The binomial coefficient C(n,k) equals n! divided by the product of k! and (n-k)!. The factorial function n! means the product of all positive integers from 1 to n. For example, C(10,3) = 10! / (3! * 7!) = 3628800 / (6 * 5040) = 3628800 / 30240 = 120. In practice, direct factorial computation is avoided for large numbers because factorials grow extremely fast (20! already exceeds 2 quintillion). Instead, an iterative multiplication approach is used where the computation is done step by step with intermediate cancellation: C(10,3) = (10 * 9 * 8) / (3 * 2 * 1) = 120.
What is the symmetry property of binomial coefficients?
The symmetry property states that C(n,k) = C(n, n-k), meaning choosing k items from n is the same as choosing which n-k items to leave out. For example, C(10,3) = C(10,7) = 120. This makes intuitive sense because every way of choosing 3 items simultaneously determines which 7 items are not chosen, creating a one-to-one correspondence between the two sets of selections. This property is useful computationally because you can always compute C(n,k) using the smaller of k or n-k, reducing the number of multiplications needed. It is also visually apparent in Pascal's triangle, which is symmetric about its center vertical axis.
What is Pascal's triangle and how does it relate to binomial coefficients?
Pascal's triangle is a triangular arrangement of numbers where each entry is a binomial coefficient. Row n contains the values C(n,0), C(n,1), ..., C(n,n).

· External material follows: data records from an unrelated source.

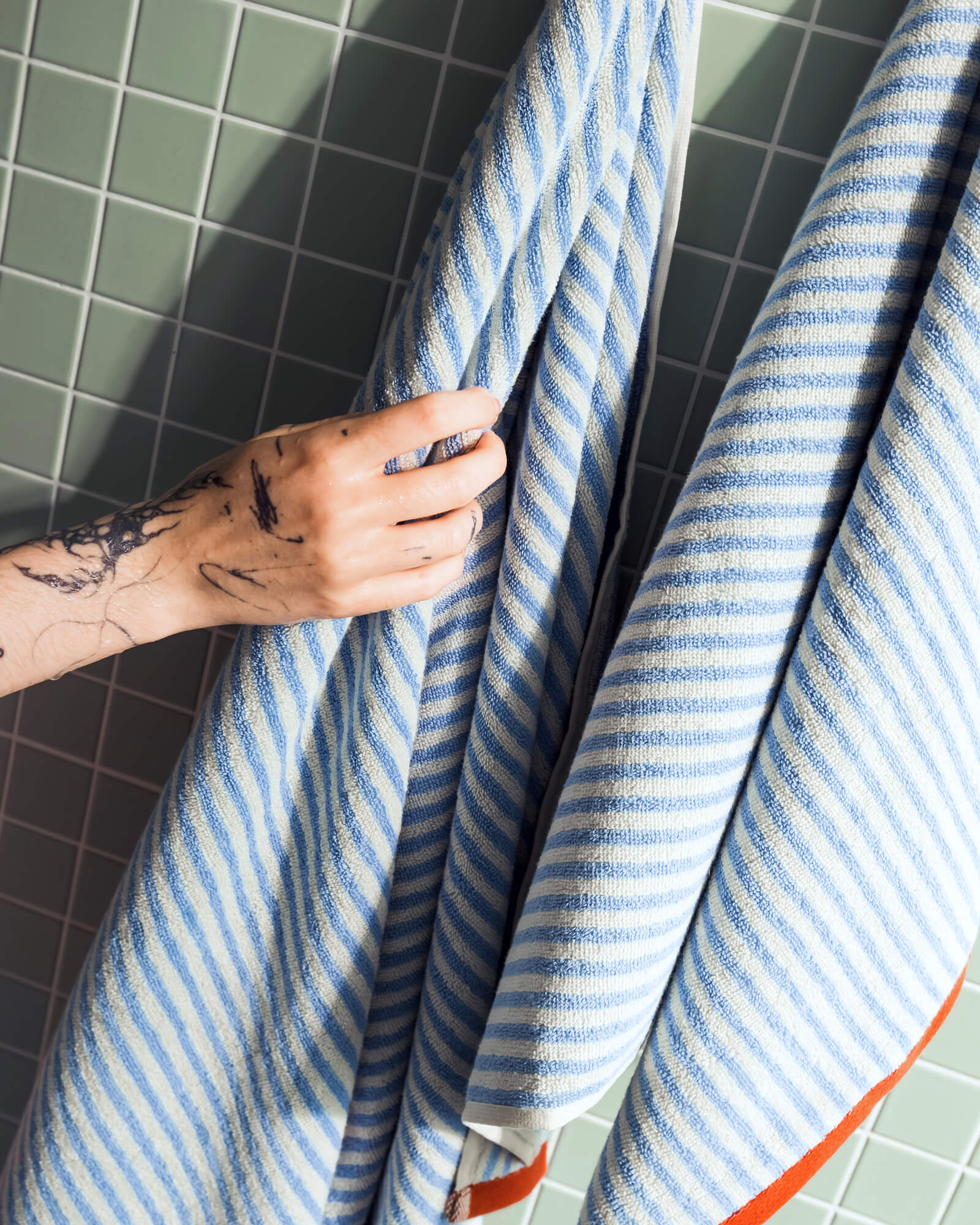 Gobo Towels are the bathroom essentials to fit your everyday routine. Available in two size variants, they create a complementary set that brings a sense of harmony and attention to detail to every bathroom. A soft striped pattern meets delicate pastel tones and contrasting trim, and the absorbent soft cotton fabric offers a firsthand feel of lasting quality.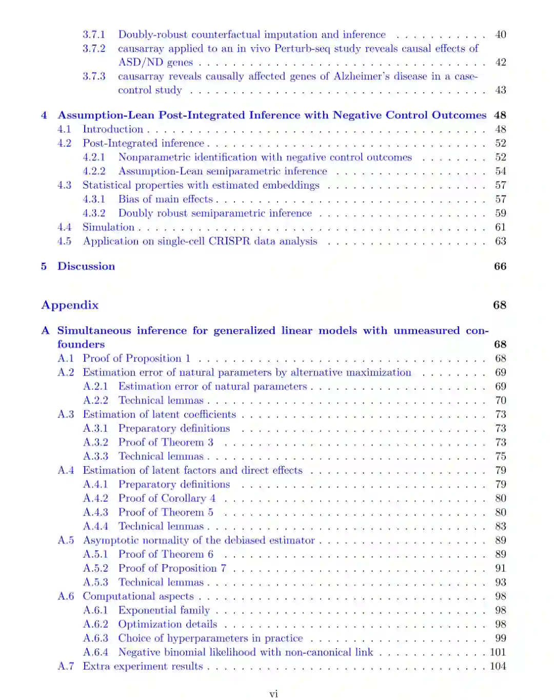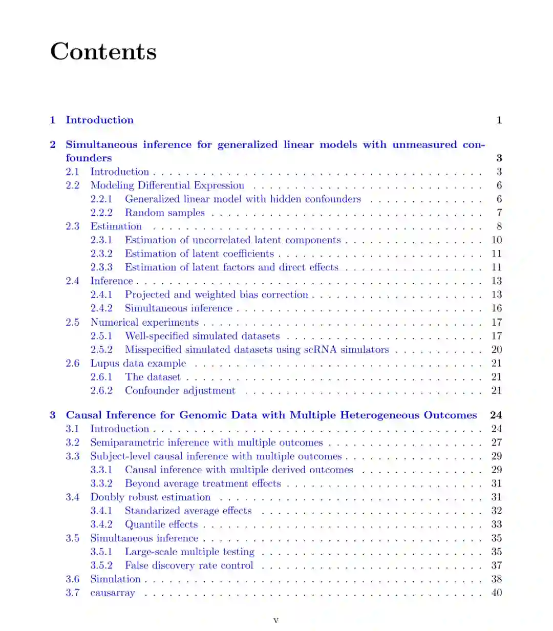 在基因组学研究中,通常会进行成千上万次的统计假设检验,以识别受疾病因果影响的基因。近年来,单细胞RNA测序和CRISPR技术的进展使得基因表达可以被高分辨率地测量。然而,这些数据往往是稀疏的、过度离散的,并且具有异质性,这对多个因果效应的可靠推断带来了重大挑战。 本论文提出了三种互补的解决方案: (1) GCATE 是一个统一的建模框架,适用于具有潜在混杂因素的广义线性模型。通过利用正交结构与线性投影,GCATE 能够在非线性模型下一致地估计和推断直接效应。在样本量和响应变量维度同时趋于无穷的高维情形下,我们推导了渐近 z 检验的一类错误控制,并实证展示了Benjamini-Hochberg程序的虚假发现率控制能力。通过比较两个样本组的单细胞RNA-seq 计数,验证了当显著协变量缺失时调整混杂效应的适用性。 (2) causarray 将来自 GCATE 的混杂因子估计与一个用于多个导出结果的半参数框架相结合。该方法超越了平均处理效应的估计,支持稳健因果估计量,并允许利用机器学习进行灵活建模。由此构建的双重稳健推理流程可以维持 FDR 或 FDX 控制。在自闭症风险基因的 in vivo Perturb-seq 筛选实验和三个阿尔茨海默症转录组数据集上的应用表明,该方法揭示了与疾病相关的神经通路聚类结构。 (3) PII 提供了一种假设依赖性较低的后整合推断方法,利用负控制结果调整潜在异质性。所得的双重稳健估计量在较弱条件下实现一致性与高效性,使得在整合机器学习后可进行数据自适应的因果推断。我们通过随机森林仿真评估其经验性能,并进一步在具有潜在未观测混杂因素的单细胞CRISPR数据集中进行了验证。 总体而言,这些方法构成了一套严谨的因果推理工具包,适用于复杂的基因组环境,能够应对非高斯性、异质性、高维性和未观测混杂问题,从而实现与疾病相关基因和通路的可靠发现。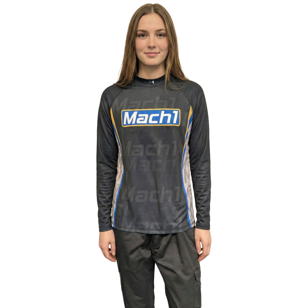 Das Mach1 Tech-Cool Undershirt ist eine hochfunktionelle Langarm-Unterwäsche, die speziell für den Einsatz unter dem Kart-Fahreranzug entwickelt wurde. Durch den engen, sportlichen Schnitt und das intelligente Klimamanagement bleibt der Körper auch bei intensiven Rennläufen trocken und leistungsfähig.
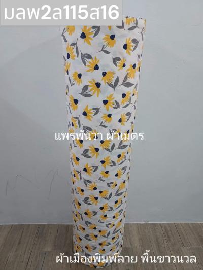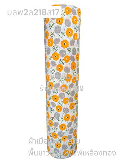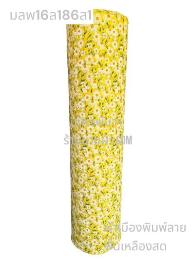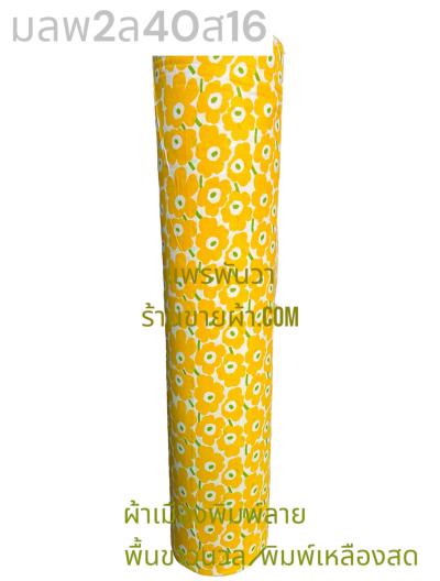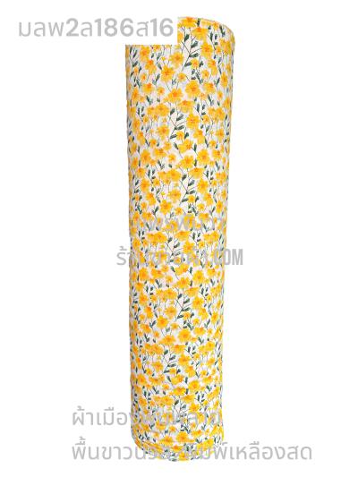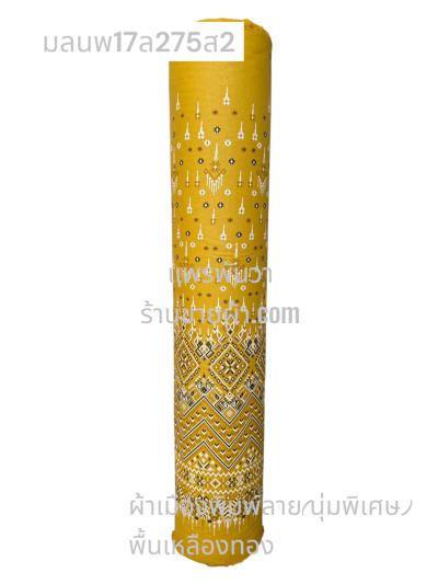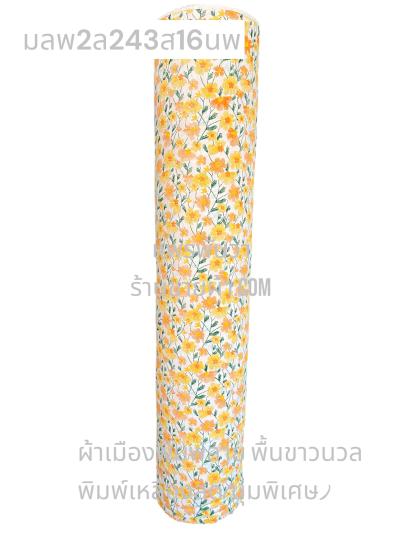 ผ้าเมืองพิมพ์ลาย(นุ่มพิเศษ)พื้นสี พื้นเหลืองทอง ลายลายประกายแสง สีขาวนวล

Each entry equals the sum of the two entries directly above it: C(n,k) = C(n-1,k-1) + C(n-1,k). This recursive property provides an elegant way to compute binomial coefficients without using factorials. The triangle begins with row 0 containing just 1, row 1 containing 1,1, row 2 containing 1,2,1, and so on. Pascal's triangle contains many remarkable patterns including the Fibonacci sequence (along diagonals), powers of 2 (row sums), and powers of 11 (reading rows as digits).
How are binomial coefficients used in probability calculations?
Binomial coefficients are essential for computing probabilities in the binomial distribution, which models the number of successes in n independent trials each with probability p. The probability of exactly k successes is P(X=k) = C(n,k) * p^k * (1-p)^(n-k). For a fair coin (p=0.5), the probability simplifies to C(n,k)/2^n. For example, the probability of getting exactly 3 heads in 10 fair coin flips is C(10,3)/1024 = 120/1024 = 0.1172 or about 11.72%. This formula is used extensively in quality control, clinical trials, genetic studies, polling, and any scenario involving repeated independent binary outcomes.
What is the binomial theorem and how does it use binomial coefficients?
The binomial theorem states that (a + b)^n = sum from k=0 to n of C(n,k) * a^(n-k) * b^k. This powerful formula expands any binomial expression raised to a positive integer power. For example, (x + y)^3 = C(3,0)x^3 + C(3,1)x^2y + C(3,2)xy^2 + C(3,3)y^3 = x^3 + 3x^2y + 3xy^2 + y^3. The binomial coefficients appear as the multipliers of each term. Setting a = b = 1 gives the identity that the sum of all entries in row n of Pascal's triangle equals 2^n. The theorem extends to negative and fractional exponents through the generalized binomial series discovered by Newton.